On the weekend I was talking to MR on the phone and telling him about an annoying thing that happened at school last week with my principal. He told me that I needed to tell her I was annoyed by what she did because otherwise she would never realise/improve.
His example was "What if I told you that your housekeeping skills weren't very good?" Of course, I immediately went into defensive sooky mood because my housekeeping skills are not just not very good but are really rather dreadful. After listening to me sook about being sorry I am a crappy cleaner and organiser and tell him that he knew I was well before we moved in together and I had just been so tired lately, he eventually got out of me "that 'if' he told me that I would want to improve" (and hence I should tell my principal that I didn't like how she did something).
So of course, now that he was very sneaky and clever to use that as his 'example', I feel like I have been told that and I feel like the most slovenly person ever and want to improve and for him to come home to a home that does not resemble a war zone. No doubt this will not last, but I'm determined that when he comes home this Friday that he will be able to look around and see evidence of unpacking and organising and cleaning.
And then I shall demand that he takes me out to dinner as a reward. Really, I would work well with a sticker chart on the fridge, I'm such a child.

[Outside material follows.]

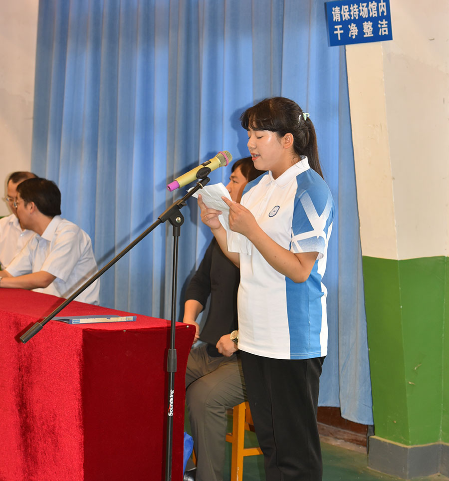 会上,朱云洁主任宣读了军训先进集体、军训优秀个人的表彰决定。16级电子技术班李怡恬同学代表所有参训学生发言,她表示在军训中体会到了同学间的友谊,感受到了领导、老师、教官的关心与关怀,今后将铭记校训,学会做人,努力学习。
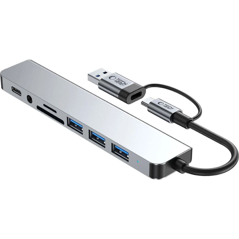Tech-Protect HB06 HUB Adapter 8in1 TYPE-C + USB2.0 + USB3.0 + SD|TF + AV3.5 - gray

So to assist in this urge to impress on MR that I can actually keep a house tidy and relatively clean (occasionally, when I put my mind to it) I have decided that, starting yesterday, each day I am home before 5.30, I will set the oven timer (because I just worked out how to use it finally) for one hour and for that one hour I must either clean, unpack or organise unpacked homeless stuff. Yesterday I spent it doing washing, unpacking boxes of picture books and sorting through them to make a stack of ones I don't want to keep and moving things off a bookshelf in the lounge room that were put there when we moved in but really belong in the craft room. Today I got in washing and put it all away, put the books to keep onto the bookshelf, did the dishes, sorted through some paperwork and tidied the bedroom.
I'm hoping my motivation stays strong for tomorrow because Wednesday is pilates so I won't be home before 5.30.
Have you ever had something like that happen to you? A comment phrased in a way that you couldn't get offended/too upset about, or have you ever successfully done it to someone else?
And do you have any reallllly good tips on how to keep me organised?